The Little Hours of the BVM

[image from the Little Hours of John de Berry (Bibliothèque Nationale, Paris, ms. lat. 18014) f. 21r]

These are likely the illustrations and manuscript prints that medieval-leaning church folk are most familiar with. I know I’ve got a bunch o these waiting to be hung around the house that M acquired from various museums even before we met.

The way that this pattern works is that each hour is preceded by an illustration from the life of the BVM relating to the Incarnation:

  • Matins: The Annunciation
  • Lauds: The Visitation
  • Prime: The Nativity
  • Tierce: The Angel’s Announcement of the Nativity to the Shepherds
  • Sext: The Adoration of the Magi
  • None: The Presentation in the Temple/Purification of the BVM
  • Vespers: The Flight into Egypt and/or Massacre of the Innocents
  • Compline: The Coronation of the Virgin (Harthan, The Book of Hours, 28)

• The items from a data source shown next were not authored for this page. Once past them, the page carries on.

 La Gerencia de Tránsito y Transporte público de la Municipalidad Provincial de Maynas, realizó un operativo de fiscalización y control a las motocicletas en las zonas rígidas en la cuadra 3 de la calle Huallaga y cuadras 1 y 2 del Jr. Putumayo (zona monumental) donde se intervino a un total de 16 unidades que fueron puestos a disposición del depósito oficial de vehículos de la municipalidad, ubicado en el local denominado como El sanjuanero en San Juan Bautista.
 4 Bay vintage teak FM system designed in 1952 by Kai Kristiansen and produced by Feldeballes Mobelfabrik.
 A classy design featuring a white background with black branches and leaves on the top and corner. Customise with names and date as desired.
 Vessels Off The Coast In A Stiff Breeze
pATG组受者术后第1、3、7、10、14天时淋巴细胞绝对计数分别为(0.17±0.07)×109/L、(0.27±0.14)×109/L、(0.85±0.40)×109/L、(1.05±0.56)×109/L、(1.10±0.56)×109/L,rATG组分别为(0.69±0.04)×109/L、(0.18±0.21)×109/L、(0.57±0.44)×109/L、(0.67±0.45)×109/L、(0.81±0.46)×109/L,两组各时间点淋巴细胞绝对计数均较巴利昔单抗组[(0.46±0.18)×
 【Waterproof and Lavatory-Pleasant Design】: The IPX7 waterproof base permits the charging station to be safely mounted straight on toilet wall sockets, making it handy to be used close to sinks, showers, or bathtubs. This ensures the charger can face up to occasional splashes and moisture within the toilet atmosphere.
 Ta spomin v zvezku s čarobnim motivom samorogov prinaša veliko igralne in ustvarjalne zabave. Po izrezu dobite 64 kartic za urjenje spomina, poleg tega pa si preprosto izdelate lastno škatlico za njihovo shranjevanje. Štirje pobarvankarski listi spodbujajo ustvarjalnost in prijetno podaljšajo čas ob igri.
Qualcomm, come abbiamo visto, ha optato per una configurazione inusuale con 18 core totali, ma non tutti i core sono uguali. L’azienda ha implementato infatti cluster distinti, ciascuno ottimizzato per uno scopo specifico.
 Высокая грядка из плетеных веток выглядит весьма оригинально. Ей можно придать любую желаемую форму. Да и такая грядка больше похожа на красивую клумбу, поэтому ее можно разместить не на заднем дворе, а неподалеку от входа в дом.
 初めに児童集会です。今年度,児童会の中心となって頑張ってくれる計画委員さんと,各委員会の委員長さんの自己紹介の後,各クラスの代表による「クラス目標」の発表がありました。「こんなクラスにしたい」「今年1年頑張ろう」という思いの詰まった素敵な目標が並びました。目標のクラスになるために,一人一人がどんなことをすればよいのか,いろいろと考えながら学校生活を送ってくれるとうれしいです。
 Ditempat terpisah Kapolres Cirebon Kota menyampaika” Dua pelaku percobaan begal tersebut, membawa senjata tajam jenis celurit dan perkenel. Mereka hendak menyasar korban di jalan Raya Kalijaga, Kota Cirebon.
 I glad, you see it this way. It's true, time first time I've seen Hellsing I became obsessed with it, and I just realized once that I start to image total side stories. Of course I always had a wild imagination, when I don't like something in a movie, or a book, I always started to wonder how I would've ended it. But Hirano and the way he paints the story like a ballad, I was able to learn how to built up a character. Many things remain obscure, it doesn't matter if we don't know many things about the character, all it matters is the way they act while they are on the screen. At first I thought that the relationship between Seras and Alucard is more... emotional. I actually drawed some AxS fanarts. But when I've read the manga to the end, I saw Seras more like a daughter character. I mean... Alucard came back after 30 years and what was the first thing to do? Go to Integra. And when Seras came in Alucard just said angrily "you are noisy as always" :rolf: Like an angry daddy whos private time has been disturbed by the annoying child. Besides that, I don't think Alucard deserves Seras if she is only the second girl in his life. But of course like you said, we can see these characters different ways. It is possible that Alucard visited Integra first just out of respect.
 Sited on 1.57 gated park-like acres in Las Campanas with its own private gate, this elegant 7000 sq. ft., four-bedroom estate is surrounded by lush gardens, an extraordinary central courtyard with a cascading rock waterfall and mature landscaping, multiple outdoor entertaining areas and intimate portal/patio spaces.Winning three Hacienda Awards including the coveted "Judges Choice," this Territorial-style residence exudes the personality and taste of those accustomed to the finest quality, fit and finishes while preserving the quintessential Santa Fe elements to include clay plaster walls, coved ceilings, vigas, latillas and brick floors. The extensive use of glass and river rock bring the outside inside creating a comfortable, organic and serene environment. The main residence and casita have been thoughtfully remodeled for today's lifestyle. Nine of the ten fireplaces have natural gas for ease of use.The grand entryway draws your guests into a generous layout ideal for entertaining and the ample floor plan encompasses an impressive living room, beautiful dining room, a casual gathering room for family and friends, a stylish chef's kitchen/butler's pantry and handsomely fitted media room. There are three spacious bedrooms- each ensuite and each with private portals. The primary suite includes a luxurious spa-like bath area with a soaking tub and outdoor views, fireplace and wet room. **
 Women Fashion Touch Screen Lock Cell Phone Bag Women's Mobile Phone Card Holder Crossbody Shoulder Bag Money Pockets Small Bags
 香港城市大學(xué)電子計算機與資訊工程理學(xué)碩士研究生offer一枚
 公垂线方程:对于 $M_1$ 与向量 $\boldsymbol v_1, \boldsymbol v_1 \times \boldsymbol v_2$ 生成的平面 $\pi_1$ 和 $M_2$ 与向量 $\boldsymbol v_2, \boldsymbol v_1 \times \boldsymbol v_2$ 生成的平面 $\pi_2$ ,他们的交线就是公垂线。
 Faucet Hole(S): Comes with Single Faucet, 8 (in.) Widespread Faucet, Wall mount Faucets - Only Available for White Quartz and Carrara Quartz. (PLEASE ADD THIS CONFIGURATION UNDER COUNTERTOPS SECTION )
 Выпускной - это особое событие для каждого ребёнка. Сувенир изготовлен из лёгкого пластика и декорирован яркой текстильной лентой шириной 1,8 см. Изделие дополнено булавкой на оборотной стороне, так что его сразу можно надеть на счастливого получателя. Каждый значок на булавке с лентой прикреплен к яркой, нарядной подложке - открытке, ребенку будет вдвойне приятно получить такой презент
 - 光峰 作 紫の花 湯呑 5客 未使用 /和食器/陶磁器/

The Annunciation tends to be the first picture in most books after the kalendar and is one of the most elaborate. Too, it’s quite common for the historiated initial below the miniature to feature the book’s commissioner at his/her devotions, looking up to experience the Annunciation. You can see Duke de Berry in the one above if you squint… Harthan notes that the Announcement to the Shepherds is often also an interesting one because, as with the occupational images, it provides an opportunity for the artist to create a classic pastoral image.

If you’re used to looking at medieval liturgical books and looking at feasts, you’ll notice something interesting here: the hours appear in a ferial pattern. Remember that a feast will begin with a First Vespers so the first office encountered will be Vespers, then Compline, and only then Matins. Since the cycle here starts with Matins, it’s a reminder that the Hours of the BVM were a daily exercise, used without regard to feast or ferial days.

The Penitential Psalms

[image from the Little Hours of John de Berry (Bibliothèque Nationale, Paris, ms. lat. 18014) f. 53r]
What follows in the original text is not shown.